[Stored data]
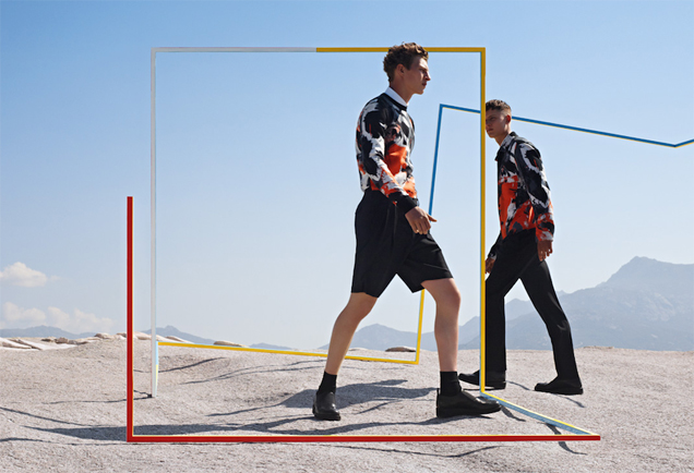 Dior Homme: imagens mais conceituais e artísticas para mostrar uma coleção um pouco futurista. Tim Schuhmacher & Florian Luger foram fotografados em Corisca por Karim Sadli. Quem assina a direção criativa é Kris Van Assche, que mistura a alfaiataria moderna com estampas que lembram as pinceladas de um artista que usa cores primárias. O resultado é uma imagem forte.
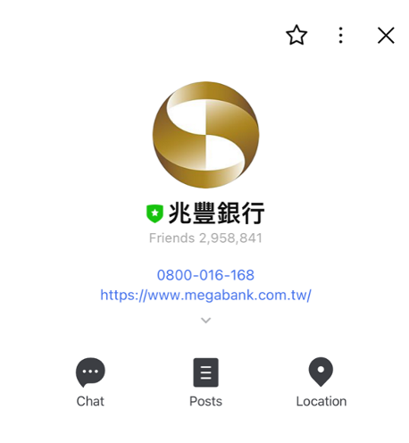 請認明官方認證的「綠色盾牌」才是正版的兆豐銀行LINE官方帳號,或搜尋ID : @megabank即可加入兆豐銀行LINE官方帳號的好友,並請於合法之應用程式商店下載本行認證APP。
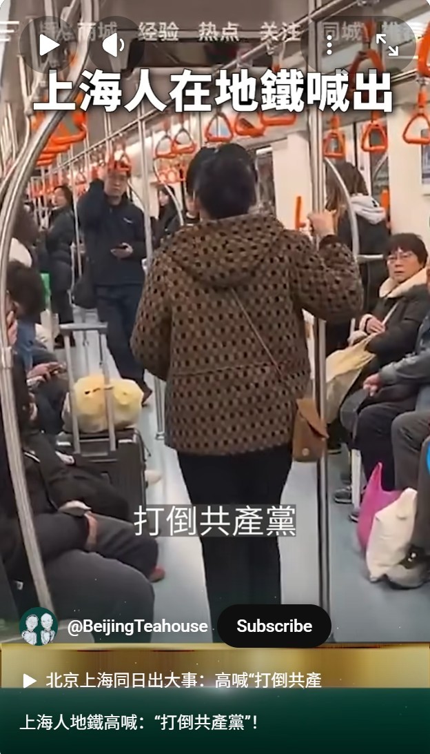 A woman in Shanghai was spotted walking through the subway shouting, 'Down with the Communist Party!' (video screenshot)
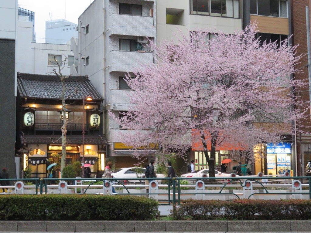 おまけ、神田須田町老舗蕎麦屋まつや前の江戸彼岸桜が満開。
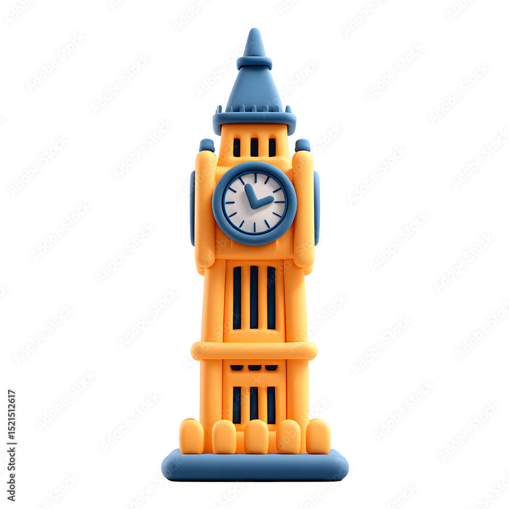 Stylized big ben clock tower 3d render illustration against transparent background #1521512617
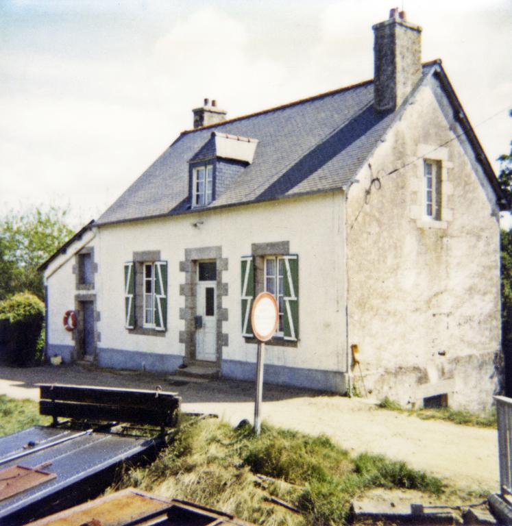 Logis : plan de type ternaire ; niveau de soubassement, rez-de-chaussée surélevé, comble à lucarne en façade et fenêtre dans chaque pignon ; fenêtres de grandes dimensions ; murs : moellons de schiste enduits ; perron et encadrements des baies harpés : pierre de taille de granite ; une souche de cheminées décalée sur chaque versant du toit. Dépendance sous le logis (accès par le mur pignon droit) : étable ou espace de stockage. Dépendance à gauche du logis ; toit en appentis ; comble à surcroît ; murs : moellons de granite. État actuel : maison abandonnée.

WHAT YOU WILL DO:
In the data above, please extract the lines from the first one through the line with "Stylized big ben", exactly, and keep pictures out.

ANSWER TO THE EXERCISE:
 Dior Homme: imagens mais conceituais e artísticas para mostrar uma coleção um pouco futurista. Tim Schuhmacher & Florian Luger foram fotografados em Corisca por Karim Sadli. Quem assina a direção criativa é Kris Van Assche, que mistura a alfaiataria moderna com estampas que lembram as pinceladas de um artista que usa cores primárias. O resultado é uma imagem forte.
 請認明官方認證的「綠色盾牌」才是正版的兆豐銀行LINE官方帳號,或搜尋ID : @megabank即可加入兆豐銀行LINE官方帳號的好友,並請於合法之應用程式商店下載本行認證APP。
 A woman in Shanghai was spotted walking through the subway shouting, 'Down with the Communist Party!' (video screenshot)
 おまけ、神田須田町老舗蕎麦屋まつや前の江戸彼岸桜が満開。
 Stylized big ben clock tower 3d render illustration against transparent background #1521512617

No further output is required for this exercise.